Description of Moist Convection and Large Scale Condensation in AOM

Each hour, moist convection is performed followed by large scale condensation, radiation, surface interaction, and dynamics in that order. Using the mean and gradients, potential enthalpy and water vapor are calculated for each horizontal quarter cell for moist convection and for each eighth cell for large scale condensation. The Model does not have the ability to store condensate in the atmosphere; condensate is reevaporated or precipitated each time step. Cloud optical depths, used by radiation, are determined from the amount of condensate leaving each layer and the local temperature.
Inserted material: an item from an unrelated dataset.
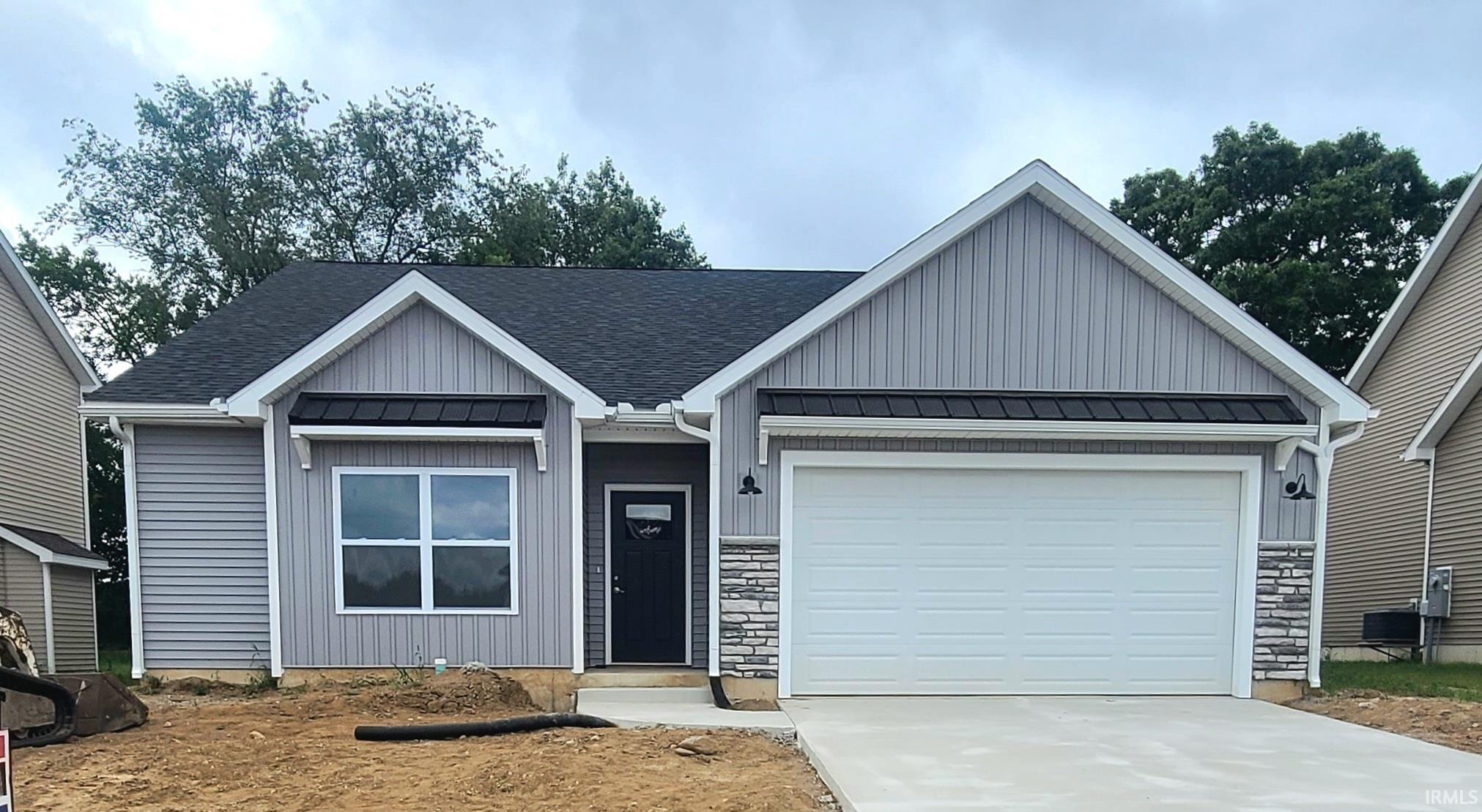 This charming open concept ranch is brand new and truly move-in ready! No updating required in this beautifully finished 3 bedroom, 2 bathroom home with attached two car garage. Cathedral ceilings in the great room and 9 foot ceilings throughout make this home open and spacious. The kitchen is equipped with solid surface countertops, white cabinetry with soft close doors and drawers, a walk-in pantry, and a large in-sink island with bar. This home comes with stainless steel appliances including: refrigerator, microwave, gas range/oven, and dishwasher. At the garage entry you'll find a mudroom area with built-in bench and additional storage. Off the mudroom is a large separate laundry room. A barndoor adds privacy to the pocket office located off the main hallway as well as character. In the main suite you'll find tray ceilings and large windows with plenty of natural light. The en suit features a double vanity, ceramic tile shower, and large walk-in closet. A hallway off the main entrance will take you to two bedrooms and a second full bath. All of the utilities can be found in an alcove in the garage so as not to take away from the garage bays.

Only one of the four quarter columns is used to determine cloud optical depths that radiation applies to whole grid cells.
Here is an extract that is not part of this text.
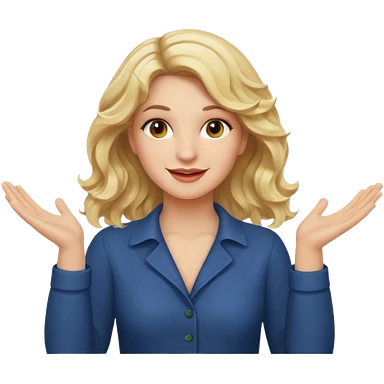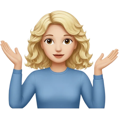 blonde girl with shoulder length wavy hair doing an i don't know pose wearing a light pink shirt emoji

For moist convection, a plume is formed with 30% of the mass of a quarter cell of layer 1, the lowest atmospheric layer. The plume temporarily rises to the layer above it where water vapor that exceeds 99% of saturation is condensed. If there is no condensation, nor if the plume, with the weight of the condensate, is less buoyant than that of the environmental air, then the plume is abandoned. If the plume is more buoyant, then the condensate is removed, and the plume temporarily rises to the next higher layer, continuing the process until it finds a layer above which it is stable. Subsidence of the environment occurs using the vertical gradients of heat and water vapor downward layer by layer until the base layer is filled. The plume is then depositied into the top convection layer. Condensate from each layer falls downward but may be reevaporated over a fraction of the grid cell as it falls. After this process is completed, another plume is formed with one fourth of the mass of a quarter cell of layer 2, and the process is repeated. Initial plume layers continue up to the third highest layer in the model. The whole process is repeated for all horizontal quarter columns and for all grid columns. Note that plumes do not entrain adjacent air from their environment as they are rising, and that plumes are slightly under saturated after condensation. Rising and subsidence mix horizontal momentum by following the parcels of air. Moist convection exactly conserves static energy including the geopotential energy of condensate on the ground.
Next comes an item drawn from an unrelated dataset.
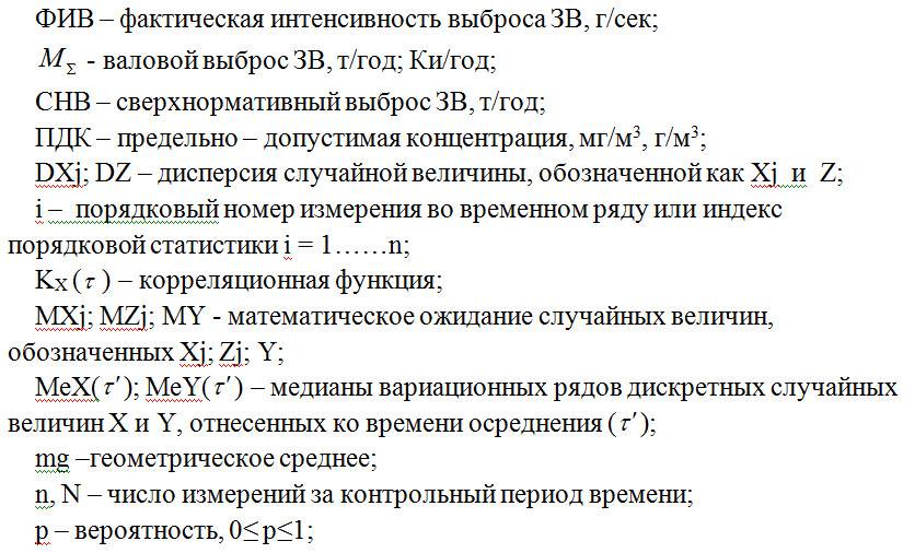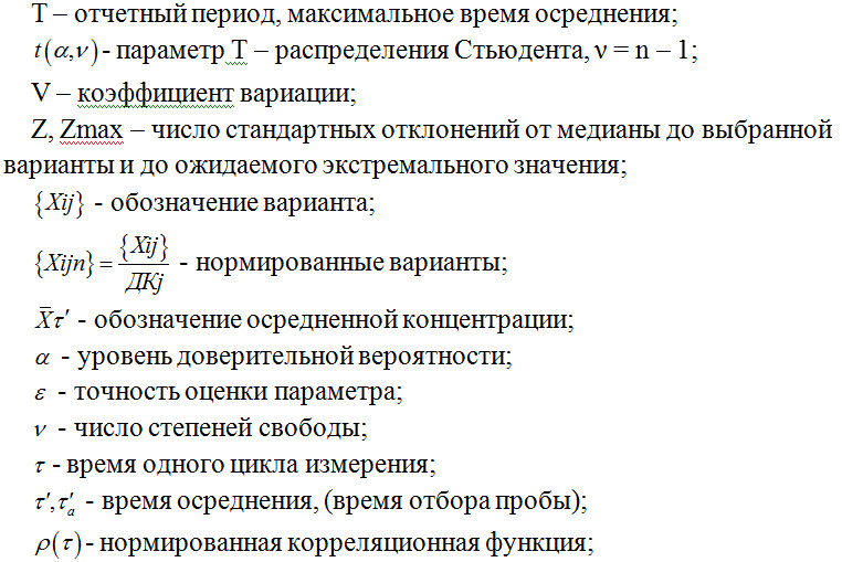 Несмотря на то, что имеется официальный перечень показателей, характеризующих степень воздействия различных источников эмиссии ЗВ и показателей качества воздуха [3], в практике работы аналитических служб отсутствуют методики, которые позволили бы при организации работы системы контроля, получать из любых данных измерений концентрации, именно те характеристики, которые делают оценки степени загрязнения и санитарно-гигиенической обстановки наиболее объективными и однозначными [8, 9].

For large scale condensation and starting from the top, vapor that exceeds 99% of saturation is condensed and falls into the eighth cell below it, where it may be fully or partially reevaporated. Super saturation conditions are checked for each eighth cell in the column and for each quarter cell column. Large scale condensation also conserves static energy.

Cloud optical depths depend on temperature and type of condensation and are proportional to the square root of the mass of condensate times the square root of the grid cell air mass (in order to make them independent of vertical resolution). Optical depths are proportional to four global constants, for water and ice clouds, for moist convection (0.06 and 0.025) and large scale condensation (1 and 0.1). The water cloud constants are used when temperature is greater than 0°C, the ice cloud constants are used when the temperature is less than -30°C, and interpolation is performed between these limits.